Frank Smith

Minnesota Vikings
- Title: Assistant head coach

Personal information
- Born: February 21, 1981 (age 45) Milwaukee, Wisconsin, U.S.
- Listed height: 6 ft 2 in (1.88 m)
- Listed weight: 295 lb (134 kg)

Career information
- High school: Cedarburg (Wisconsin)
- College: Miami (Ohio) (1999-2003)

Career history
- Miami (Ohio) (2004–2005) Graduate assistant; Butler (2006) Offensive line coach; Butler (2007–2009) Offensive coordinator & offensive line coach; New Orleans Saints (2010–2014) Assistant offensive line coach; Chicago Bears (2015–2017) Tight ends coach; Oakland / Las Vegas Raiders (2018–2020) Tight ends coach; Los Angeles Chargers (2021) Run game coordinator & offensive line coach; Miami Dolphins (2022–2025) Offensive coordinator; Minnesota Vikings (2026–present) Assistant head coach;
- Coaching profile at Pro Football Reference

= Frank Smith (American football) =

American football coach (born 1981)

Frank Smith (born February 21, 1981) is an American professional football coach and former player who is currently the assistant head coach for the Minnesota Vikings of the National Football League (NFL). He has previously been a coach for the Los Angeles Chargers, New Orleans Saints, Chicago Bears, and Miami Dolphins. Prior to entering coaching, Smith played college football as an offensive lineman for Miami (Ohio) from 1999-2003. He was a team captain and three-year starting guard for future star NFL quarterback Ben Roethlisberger.

==Coaching career==
===New Orleans Saints===
In 2010, Smith was hired by the New Orleans Saints as their assistant offensive line coach. During his time with the Saints, Smith supported the offensive staff in game preparation and assisted with the offensive line. From 2010 to 2014, the Saints offensive line allowed just 143 sacks, third fewest in the NFL. Four Saints offensive linemen were named to the Pro Bowl during Smith’s time with the unit: T Jermon Bushrod, G Jahri Evans, G Ben Grubbs, and G Carl Nicks. Evans was named first-team All-Pro by the Associated Press three times (2010–12) and Nicks earned the honor once (2011).

===Chicago Bears===
In 2015, Smith was hired by the Chicago Bears as their tight ends coach. He worked with Zach Miller to achieve his highest career production and helped develop several different young players.

===Oakland / Las Vegas Raiders===
On January 13, 2018, Smith was hired by the Oakland Raiders as their tight ends coach under head coach Jon Gruden. He developed two first time Pro Bowl tight ends, Jared Cook and Darren Waller, during his time under Gruden.

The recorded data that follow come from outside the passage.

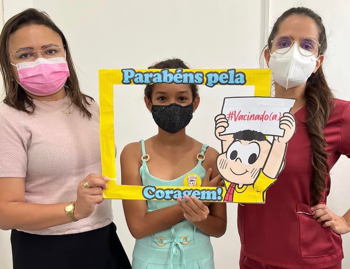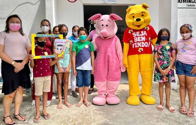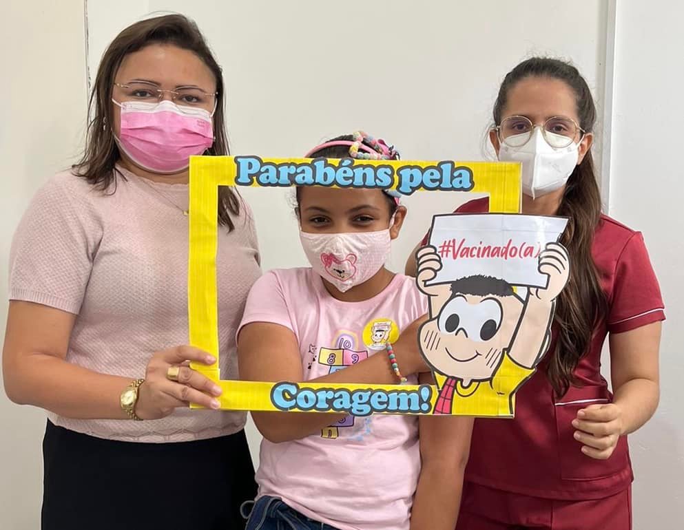 A vacinação contemplou as crianças da localidade Cachoeirinha e localidades próximas, com prioridade de imunização concedida às crianças com Deficiência Permanente e com Comorbidades.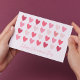 Custom Valentine's Day card featuring rows of pink painted hearts with "Happy Valentine's Day" in casual script typography.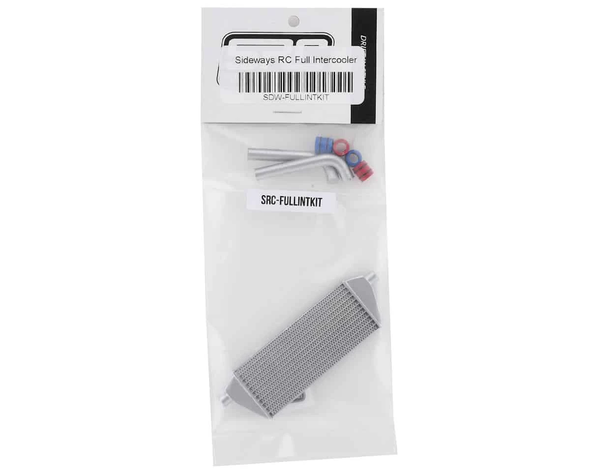 This is a Sideways RC Full Intercooler, a detailed scale option part to add realism to any 1/10 drift kit engine. This plastic part has been open cast molded out of quality polyurethane instead of 3D printed, keeping the cost down and quality up. The intercooler is handmade with the colors infused directly into the product in multiple pigment options and a realistic silver paint scheme applied. This pack includes one molded plastic full intercooler, left and right pipe attachments and blue and red fitting options for installation.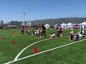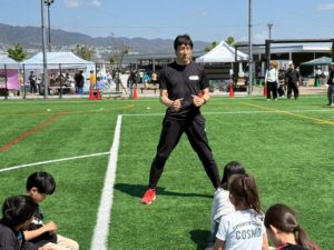 アスレチック・リエゾン・西宮所属のトップアスリートから学ぶ体験会のかけっこ、サッカー、親子バスケットボール、やきゅう、フラッグフットボール、トライアスロン、ダンストレーニング!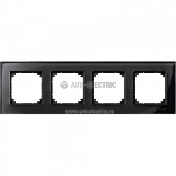 Рамка Мертен 4-ая (четверная) четырехместная четырехпостовая чёрного цвета горизонтальная стеклянная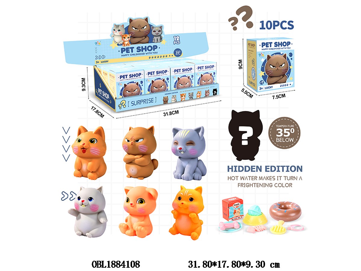 Vinyl cat blind box set with 6 mixed designs, 12 small boxes in one display box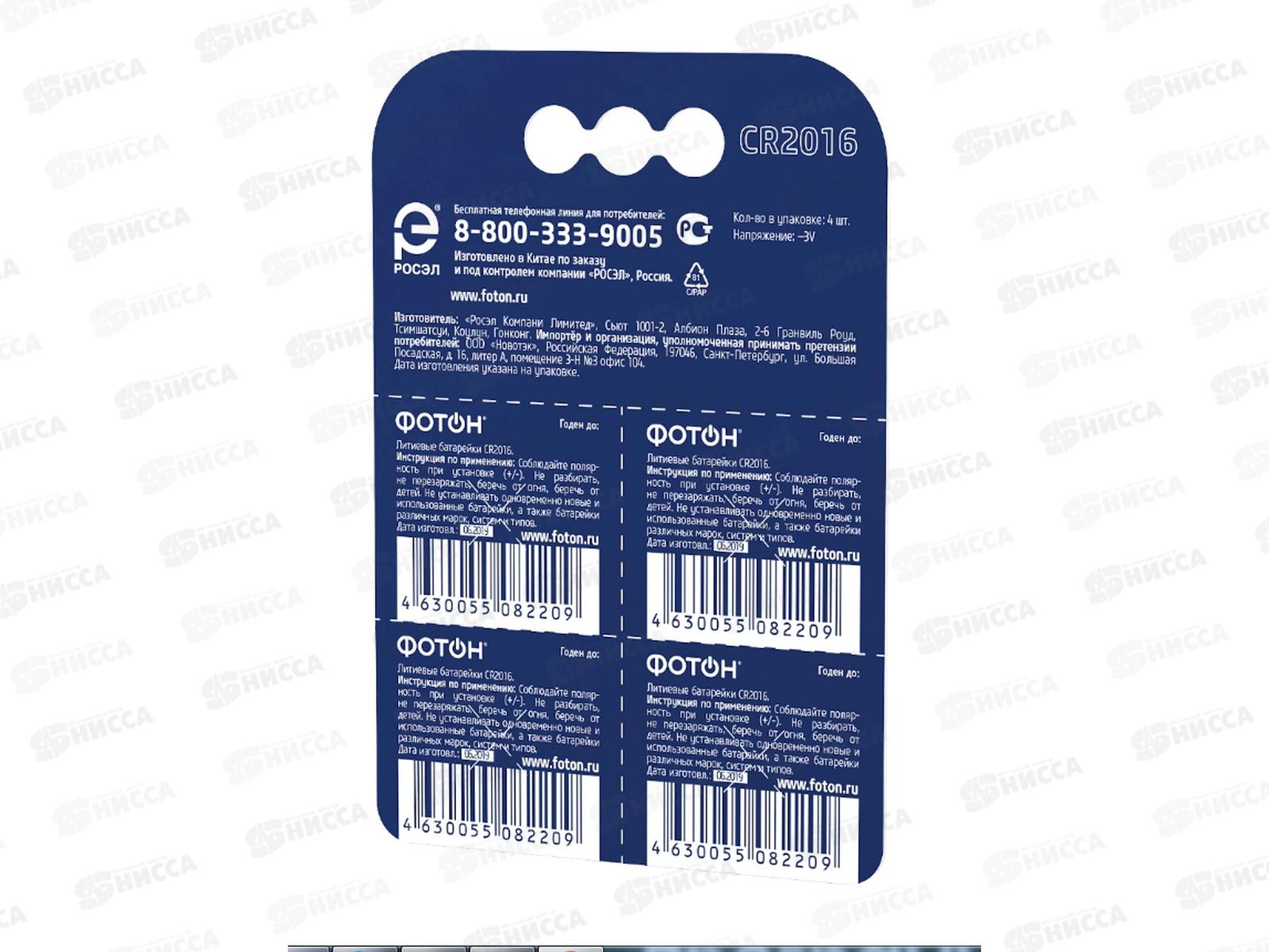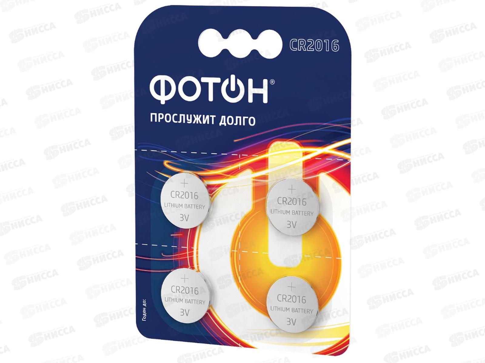 Батарейки Элемент питания ФОТОН CR2016, BP4, литиевый 3В *4/80/480

===Los Angeles Chargers===
In 2021, Smith worked as the run game coordinator and offensive line coach for the Chargers. Under Smith, two players earned their first Pro Bowl selections: Corey Linsley at center and Rashawn Slater at left tackle. Slater was the first rookie left tackle in over 10 years to make it to the Pro Bowl.

===Miami Dolphins===
On February 14, 2022, Smith was hired by the Miami Dolphins to serve as the team's offensive coordinator under newly-hired head coach Mike McDaniel.

===Minnesota Vikings===
On February 24, 2026, Smith was officially hired to serve as the assistant head coach for the Minnesota Vikings, under head coach Kevin O'Connell.